Work task :: Retype, word for word, the line holding "June 28, 2016: Bryce Canyon" and every line below it to the end of the listing. Leave out the pictures.

Collected material ::
Start of Block

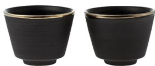
Espresso cup set, 2 pcs 74x55mm Art. 682
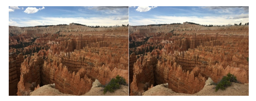
June 28, 2016: Bryce Canyon
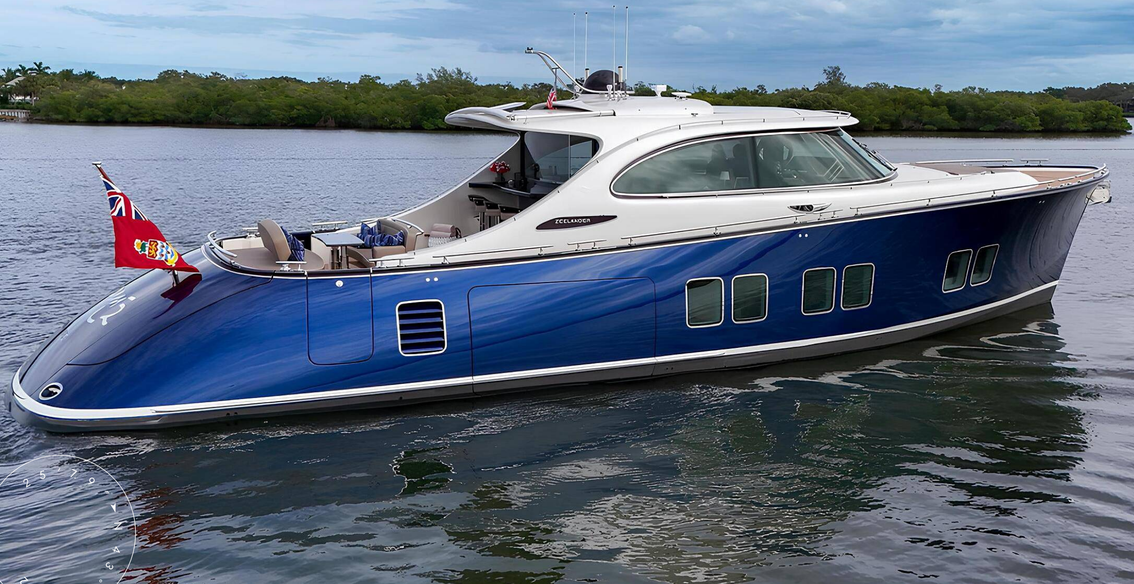
EXTERIOR ZEELANDER 72 2023 MY MADDAMC2

End of Block

Solution to this task ::
June 28, 2016: Bryce Canyon
EXTERIOR ZEELANDER 72 2023 MY MADDAMC2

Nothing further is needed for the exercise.